Изменить стиль страницы

Ольга сразу же узнала вошедших. Это были воспитанники детского дома Ваня и Нина, с которыми она познакомилась десять дней назад, в день операции Шадрина.

Ольга почти подбежала к детям и расцеловала их в холодные румяные щеки.

Дмитрий ничего не понимал. Удивленно переводя взгляд то на малышей, то на Ольгу, он думал, что вышло какое-то недоразумение. Но недоумение его рассеялось после того, как мальчуган положил на тумбочку сверток с гостинцами, а девочка подала ему конверт с надписью: «Д. Е. Шадрину. От третьего звена пионерского отряда детского дома № 12».

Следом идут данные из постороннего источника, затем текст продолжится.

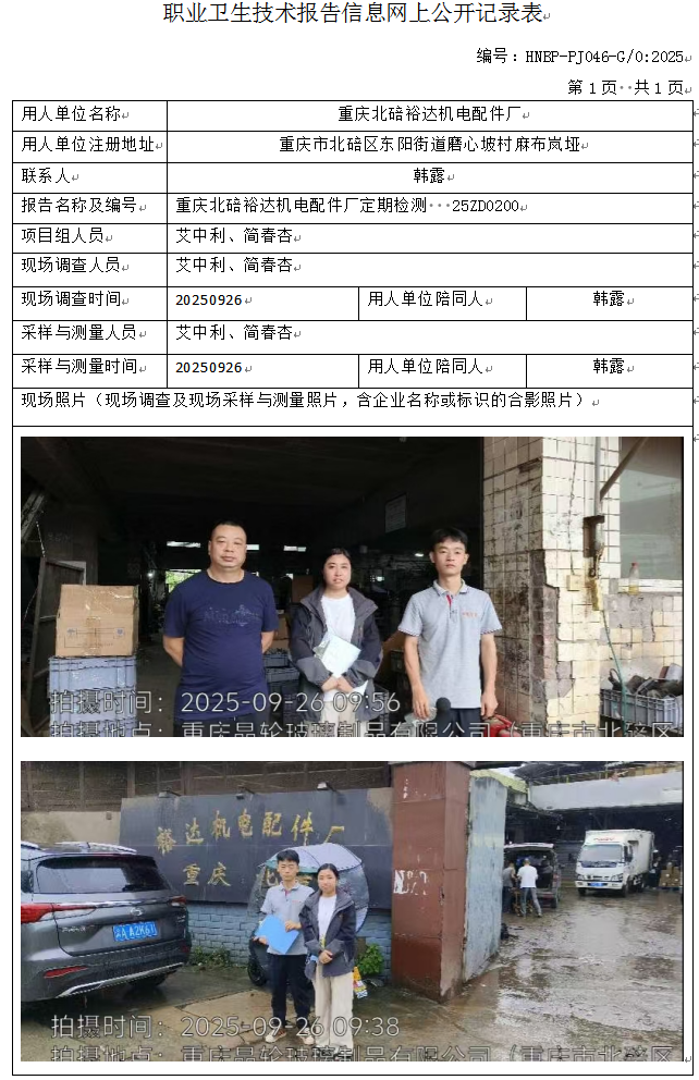 重慶北碚裕達(dá)機(jī)電配件廠定期檢測公示
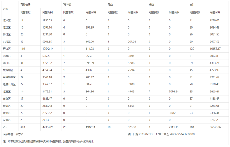 根据武汉市住房保障和房屋管理局数据显示,2023年02月14日武汉新建商品住房网签成交443套, 较昨日减少71套,环比下降13.8%。
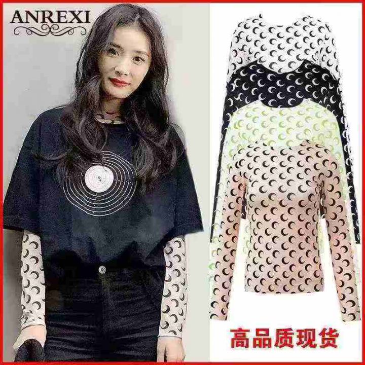 140件杨幂同款衣服弹力修身内搭t恤冰丝防晒月亮打底衫女上衣,尺码s-2XL,...

Дрожащими пальцами Дмитрий разорвал конверт, на котором старательным детским почерком была выведена его фамилия. В конверте лежало письмо:

«Дорогой Дмитрий Егорович!

Мы, пионеры третьего звена, желаем вам скорейшего выздоровления. Как бывшему фронтовику, обещаем вам хорошо учиться и примерно вести себя.

Посылаем вам:

1) один лимон,

2) две пачки печенья,

3) сто граммов сливочного масла,

4) триста граммов вяземских пряников.

Кушайте лучше и скорее поправляйтесь. Если с вами лежит кто-нибудь из фронтовиков, поделитесь нашей посылкой поровну. Снегурку, что стоит под вашим окном, мы слепили для вас. Когда выпадет еще снег, слепим и деда-мороза.

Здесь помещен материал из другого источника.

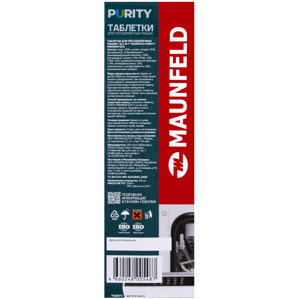 Maunfeld таблетки для посудомоечных машин MDT100ST
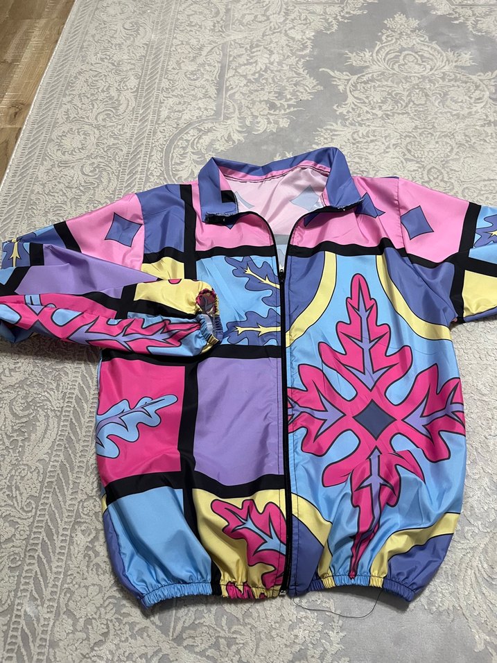 Renkli tie-dye desenli, uzun kollu, yakalı ve fermuarlı kadın ceket. Bol kesim ve ince kumaşlıdır.
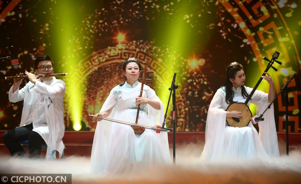 ↑“粤传粤精彩——广东非遗展演展播系列活动”中的广东音乐表演《粤韵飞扬》。CICPHOTO/许建梅 摄
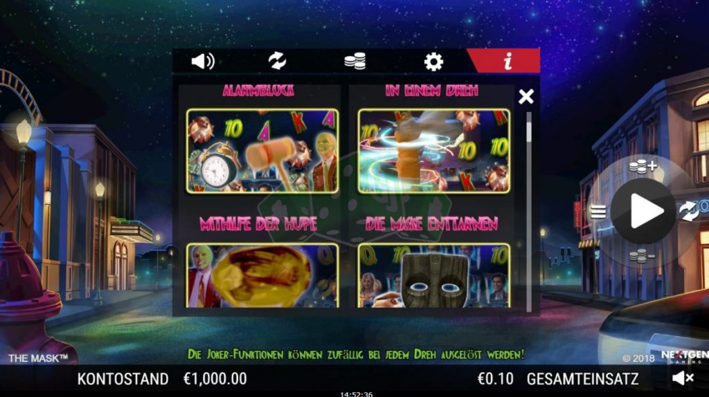 Чтобы игровой аппарат The Mask запускать в демонстрационном режиме, не нужно быть зарегистрированным пользователем. Всем посетителям азартного заведения доступны демо-игры. Счет тоже не нужно пополнять, ведь ставки делают в виртуальных монетах.

С приветом — Пионеры третьего звена».

Ниже стояло больше десятка подписей.

На глазах у Дмитрия навернулись слезы. К горлу подкатилось что-то горячее. Не помнил он, когда плакал последний раз, но тут не сдержался. Дмитрий почувствовал, как скатившиеся по щекам слезы нырнули под бинты. Ольга тоже отвернулась к окну. Пионеры в замешательстве стояли и переступали с ноги на ногу. При виде слез Ольги зашмыгала носом и Ниночка. Ваня нахмурил лоб и изо всех сил крепился, чтобы не разреветься.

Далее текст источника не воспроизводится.